Topical 5% natamycin, 0.15% amphotericin B, or 1% itraconazole can be augmented with systemic amphotericin B, fluconazole, itraconazole, voriconazole as there may be limited penetration into corneal tissue. Curvularia has higher in vitro MIC50 and MIC90 for fluconazole, voriconazole, and flucytosine compared to natamycin and amphotericin B; however, caspofungin is effective (1, 8, 9). Most isolates are susceptible to natamycin, despite continuous use of the drug. Antifungal resistance is emerging in secondarily transmitted fungi exposed to hospital environments (10-12). Biocides such as polyhexamethylene biguanide and chlorhexidine gluconate also inhibit Curvularia.
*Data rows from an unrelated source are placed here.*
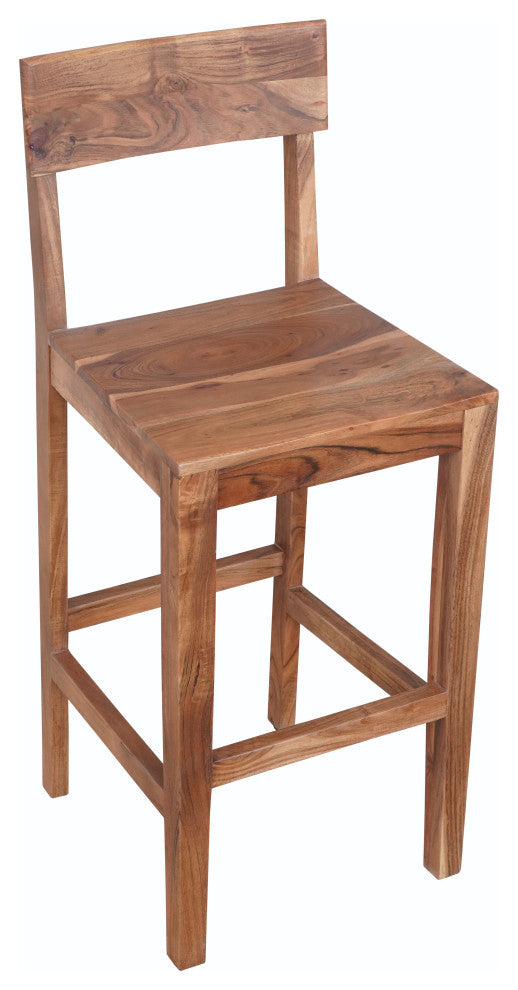 Introduce a touch of contemporary sophistication to your dining area with this solid wood chair. Its sleek silhouette, featuring a minimal slat backrest and a gently contoured seat, brings modern flair to any dining table. Hand-crafted from robust acacia wood and enhanced with crossbar supports, this chair offers both strength and stability for a comfortable and enjoyable dining experience.
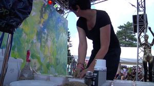 Live malen, zum Rythmus der Musik lasse ich mich spontan leiten und führen. Resonanz gibt den Ton an, der mein Gefühl auf meinen Pinselduktus überträgt. Acryl auf Leinwand 4 x 3 m – ein ganz besonderes Erlebnis!
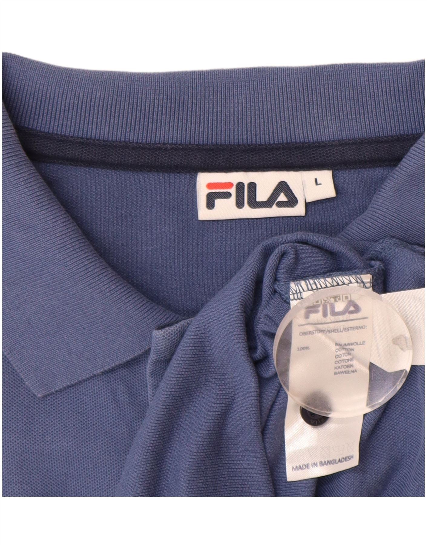 Cămașă polo pentru bărbați FILA cu mânecă lungă din bumbac albastru mare
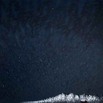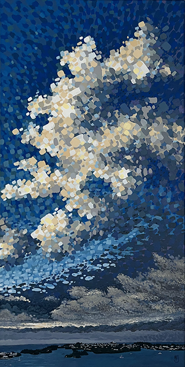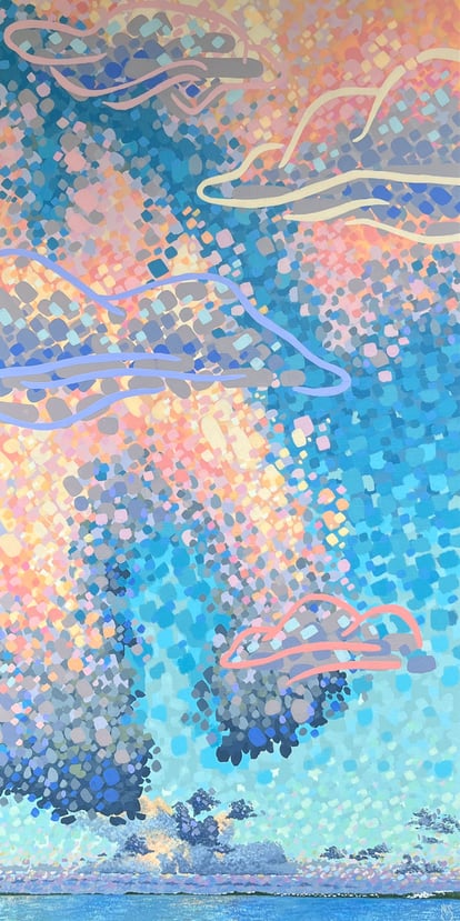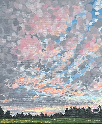Painting technique is inspired by an impressionist palette, using pointillism to create a surreal pixelated sky fading into a realistic horizon-line for grounding. Within each piece, I play with depth perspectives through stroke and hues allowing the audience different visuals depending on their proximity.
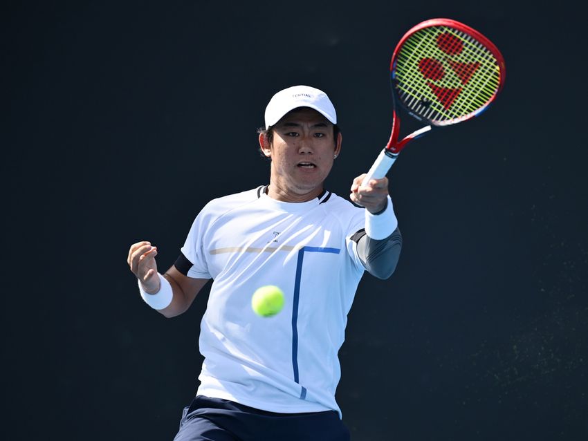 写真はオーストラリアン・オープンでの西岡良仁(ミキハウス)(Getty Images)
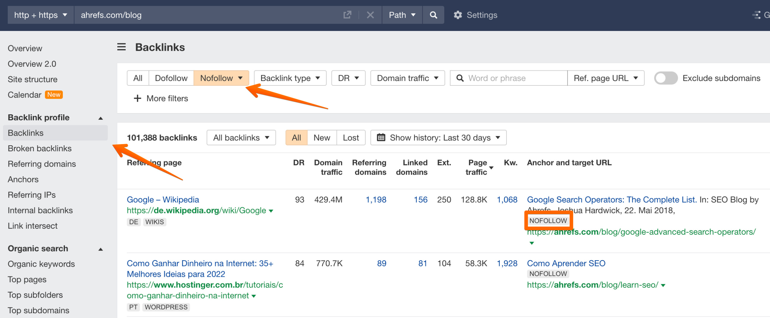 يمكنك تحديد روابط nofollow لأي موقع بسهولة عبر أداة Ahrefs Site Explorer، فقط انتقل إلى تقرير Backlinks وفعّل فلتر “Nofollow”

Topical saturation therapy and around the clock hourly topical therapy can be tapered over a few days for superficial keratitis. Clinical improvement includes reduction of pain, decrease in size of infiltrate, disappearance of satellite lesions, rounding off of feathery margin of the ulcer, and fibrosis of healing lesions. Biomicroscopic prognosis is done by evaluating edge of infiltrate, density of suppuration/hypopyon, stromal cellular infiltrate, and oedema (3, 4). Conjunctival chemosis as well as injection and punctate epithelial keratopathy may indicate toxicity of the antifungal agent. Negative culture from scrapings during treatment may be false negative as active proliferation may continue in the stroma due to poor drug penetration. Therapy should be continued for at least 6 weeks. Infections with multiresistant fungi may lead to delayed healing and/or failure of therapy warranting surgical intervention. Bacterial co-infection needs to be excluded (2, 5).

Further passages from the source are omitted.